Life

Courtesy of Steph Montgomery
What Pregnancy Sex Can Actually Teach You

by Steph Montgomery

I didn't have a ton of pregnancy sex during my first two pregnancies. TBH, I thought it was terrible. I felt awkward, ashamed, and unattractive. Thankfully, that was not the case this time around. I did learn a lot about my relationships from the way my partners and I approached and engaged in pregnancy sex. As it turns out, there are things you can only learn about your relationship during pregnancy sex, at least it was true for me.

A little disclaimer: this is meant to be a fun exercise in relationship exploration. No one, pregnant or not, should be forced to do anything with their body that they don't want to. Ever. Also, at this point, I should probably warn my parents to stop reading.

Anyways, what did I learn about my relationships during pregnant sex?

First off, I learned is just how important sex was to me and my partner. Is it something you are willing to give up when you feel like crap or are told you have to by your obstetrics provider, or will that be a deal breaker? Also things like: are you creative, adaptable, and (perhaps literally) flexible in the bedroom, but also in your relationship with one another? Do you understand that people change and so do their likes, dislikes, turn-ons, and turn-offs? Is it more important to you to finish what you start or be understanding when things don't go as planned (which are pretty important skills for partners and parents if you think about it)?

Do you care more about your partner's pleasure or your own and what does that mean for your ability to compromise or change you mind. And when it comes to the bedroom (and life in general), are you a better listener or do you prefer to call the shots?

Just How Important Is Sex, Anyway?

Sex is important to many relationships, including mine. I learned that not having sex when I was super sick or out on bedrest was a huge deal for my ex — something he wouldn't let me forget and something that became a source of constant conflict.

My current husband, however, showed me that he cared more about me and my wellbeing, than he did about sex.

How Do You Handle Disappointment?

Things don't always go as planned, in the bedroom and in relationships. How you or your partner react if you aren't digging a new position, don't have an orgasm, or are too tired to finish says a lot about how you handle disappointment in your relationship, too.

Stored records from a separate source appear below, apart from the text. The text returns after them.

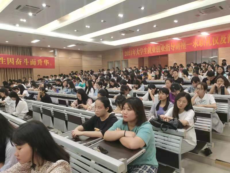 自党史学习教育开展以来,yl7703永利把党史学习教育同就业工作紧密结合,以稳定和扩大就业为重要抓手,为大学生办好实事。5月8日晚上8:00,yl7703永利邀请我校2018届毕业生、现就职于中共昌江黎族自治县委办公室的李第作,在学校学术报告厅为其学弟学妹们作《让公考之路不再迷茫》主题讲座,参加讲座的人员有学院党委副书记李足,辅导员及大四、大三、大二年级全体学生,讲座由学院党委副书记李足主持。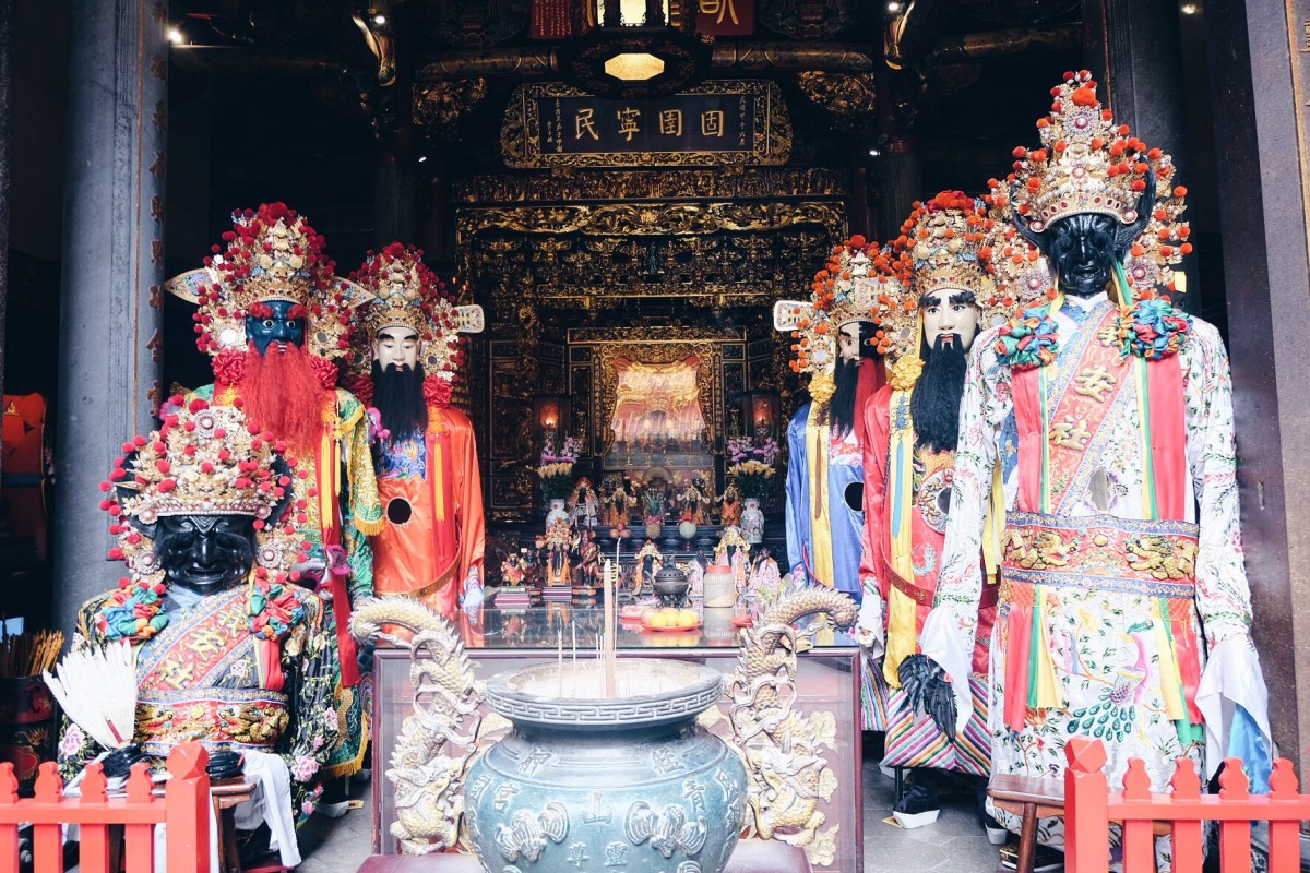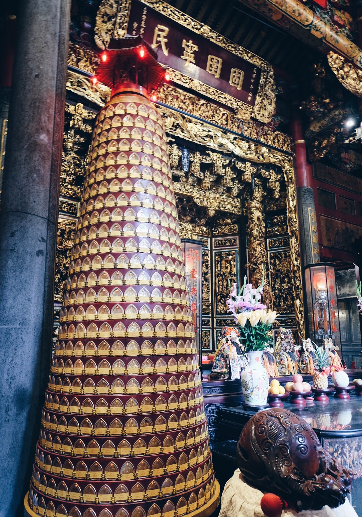 It is a little weird to enter the temple and the first thing you meet are 4 large wooden male statues in golden costumes. However the temple is a hidden oasis in the busy Taipei and once you get use to the statues/gods the temple itself is really very unique and beautiful.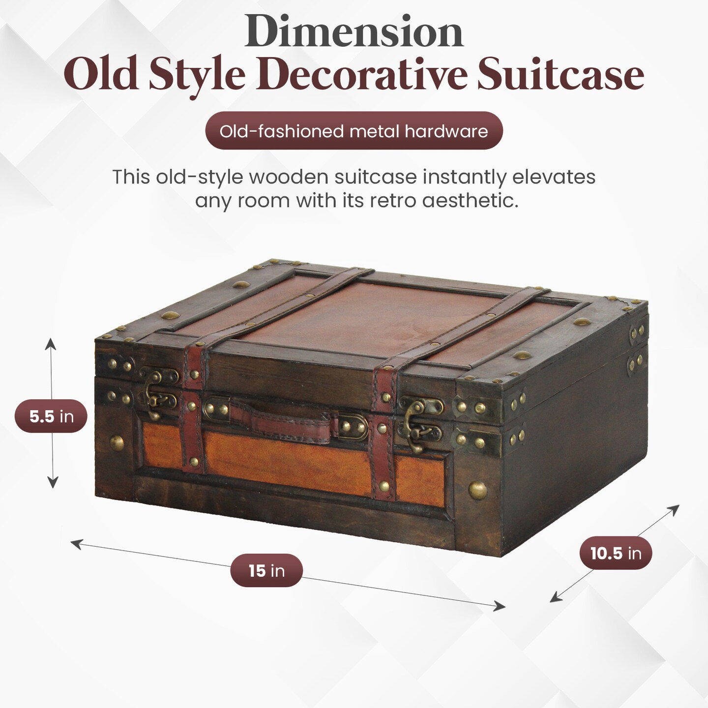 Wooden Vintage Luggage Trunks - Antique Carry-on Suitcase Storage Box with Hinged Lids, Old-Fashioned Decorative Box

Are You Ashamed About Bodily Functions?

Are you the type of person who won't poop if your partner is in the house or one who lets farts rip under the covers? If you are the former, pregnancy sex might take some getting used to. You might just find that exploring your pregnant body together, allows you to be more open and unashamed of the way your body works, even when it's super gross. I know I did.

Do You Like To Try New Things?

Are you and your partner adventurous risk-takers or comforted by routine and stability?

How Adaptable And Flexible Are You?

Partnerships and parenthood both require a certain amount of flexibility and adaptability. If you can find ways to get it on, despite morning sickness, aches and pains, and dramatic changes in your body and mood, you might just find that you become more adaptable and resilient in other aspects of your life, too.

How Superficial Is Your Relationship?

Are you all about looks and appearances, or who your partner is as a human and vice versa? Will he love loving your body when you've gained 30 (or 50 or 90 pounds) and are leaking breast milk from your hyper-sensitive nipples? Or will he say things to make you feel terrible about how your body changes when growing a freaking human (which is so not OK)?

How Do You Respond When Things Get Weird?

What happens in the bedroom, stays in the bedroom, especially when things get weird. How will your partner (and you) react if you start spotting, if the baby kicks him or makes your tummy move like a wave pool or if he gets sprayed in the eye with breast milk? Their reactions just might teach you about how they will handle weird happenings in their life with you outside of the bedroom (or the shower or the kitchen).

Do You Trust Each Other?

Having sex when you feel insecure or unattractive takes a certain amount of trust. When your partner tells you you look like a goddess and makes you feel sexy it can make you trust them more, in all areas of your relationship.

How Creative Are You?

To make pregnancy sex work, you sometimes have to get creative. Your old standbys might no longer work or be logistically possible. Are you willing to try new things and explore different positions, maneuvers, lube, or even entirely different ways of expressing intimacy?

How To Communicate Your Needs, Even When They Are Bizarre

Just like food cravings and aversions, your sexual desires during pregnancy can be, well, different. I totally wanted to be touched differently, in different positions, with different intensity. I found that my partner appreciated a direct approach. Who knew? Being able to communicate your needs is key to a healthy relationship. Pregnancy sex helped us learn how.